Unfortunately, Wales can’t escape his past and in this scene he is confronted by a bounty hunter in the town saloon. The scene goes something like this:

Bounty hunter: “I’m looking for Josey Wales.”
Josey: “That’d be me. You a bounty hunter?”
Bounty hunter: “A man's got to do something to make a living in times like these.”
Josey: “Dying ain’t much of a living, boy. You know this isn’t necessary. You can just ride on.”
The bounty hunter considers this for a moment, then leaves the bar. A moment later he returns.
Bounty hunter: “I had to come back.”
Josey: “I know.”
Needless to say, things don’t turn out so well for the bounty hunter.
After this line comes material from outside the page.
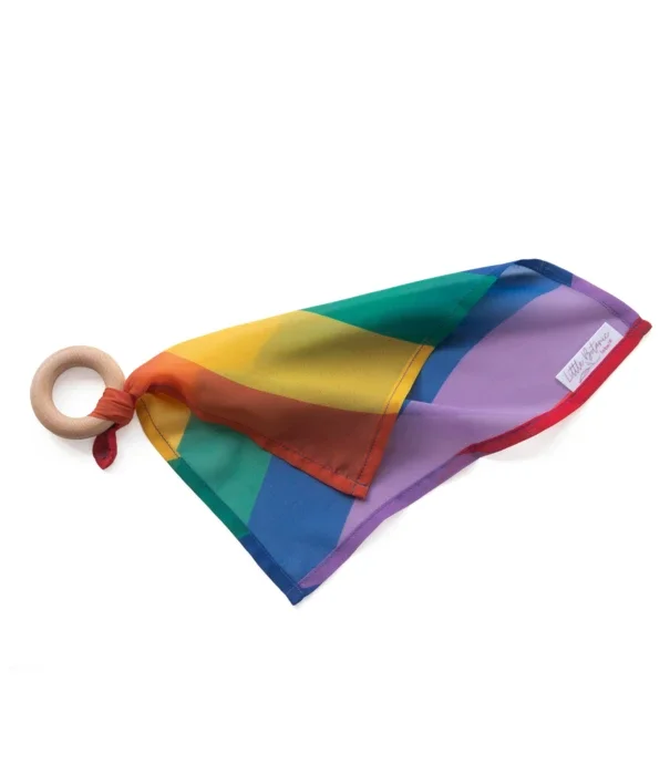 Little Botanic Label | Playcycle Speeldoek Waves Regenboog aan Houten Ring (30 cm) - Pastel & Regenboog
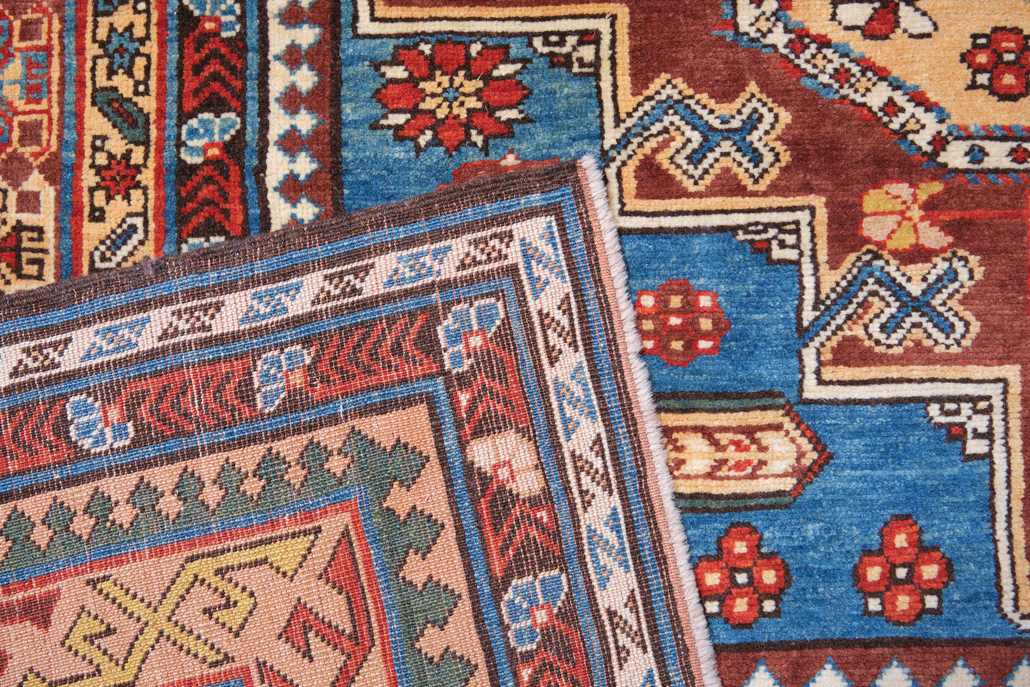 The source of the rug comes from the book Oriental Rugs Volume 1 Caucasian, Ian Bennett, Oriental Textile Press, Aberdeen 1993, nr.332. This is a spectacular example of the Konagkend type rug in the late 19th century in the Kuba region, Caucasus. There are three principal designs for rugs attributed to Konagkend ( Konakkent or Konakhend ). The first has a large cruciform medallion, the second, called by Kerimov and Schürmann 'Ordutch-Konagkend', has a series of large octagons, and the third, and probably best known, has a stiff, angular lattice based on hexagonal forms. Each type has a quite different aesthetic appeal and in each case, the design is reminiscent of other rugs. The cruciform medallion type usually has a bright, light palette and in both color and design is reminiscent of Kurdish weavings and certain Turkish village rugs. The 'Ordutch-Konagkend' pieces have strong affinities with Baku and other north Shirvan rugs, and the lattice type is the closest to the concept of design most normally associated with Kuba as well as having links with earlier groups of, principally Turkish, carpets. It is framed with a series of borders and the overall composition is quite closely related to a group of soumak rugs with large medallions. Our designers interpret the design of this rug and vivid colors are chosen for this rug.

It was the nature of the bounty hunter to do what he did. Literally, that’s what bounty hunters do. Hence, it was the bounty hunter’s nature that doomed him. Now, imagine that Fed Chairman Ben Bernanke is playing the role of the bounty hunter and the market is playing the role of Josey. The nature of a central banker is to try to control the market. The nature of the market is to circumvent this control. As the central banker exerts more control, the market’s reaction becomes increasingly more destructive to these interventions and the resulting distortions and bubbles.

Currently, the market is attempting to purge itself of the monumental distortions that 100 years of Fed inflation and intervention has caused. The central bank is reacting with ever increasing amounts of inflation, of course, hidden behind the euphemism “quantitative easing.” The latest incarnation of QE announced yesterday will be the biggest yet. It is open-ended, meaning there is no time limit on how long it continues. Meanwhile, the Fed is continuing Operation Twist, designed to drive down long-term interest rates. Together, these two programs will add $85 billion a month to the Fed's balance sheet.
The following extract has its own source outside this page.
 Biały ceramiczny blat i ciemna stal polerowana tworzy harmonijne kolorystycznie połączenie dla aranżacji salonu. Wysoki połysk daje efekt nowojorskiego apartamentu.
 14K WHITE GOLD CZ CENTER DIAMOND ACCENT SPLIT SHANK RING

Instead of allowing the natural process of deflation and de-leveraging, the Fed is intention on inflating. When it comes to restarting the economy, QE1 didn’t work. QE2 didn’t work. Operation Twist has not worked. All these programs accomplished was to put money into the pockets of Wall Street and the big banks while creating an inflationary time bomb for the rest of us. QE3 will do more of the same.

Big Ben is just doing what central bankers have to do. The market is going to do what the market always does. The outcome is not going to be pretty for the Fed or the rest of us. If you haven't taken steps to protect yourself, please do so as soon as possible.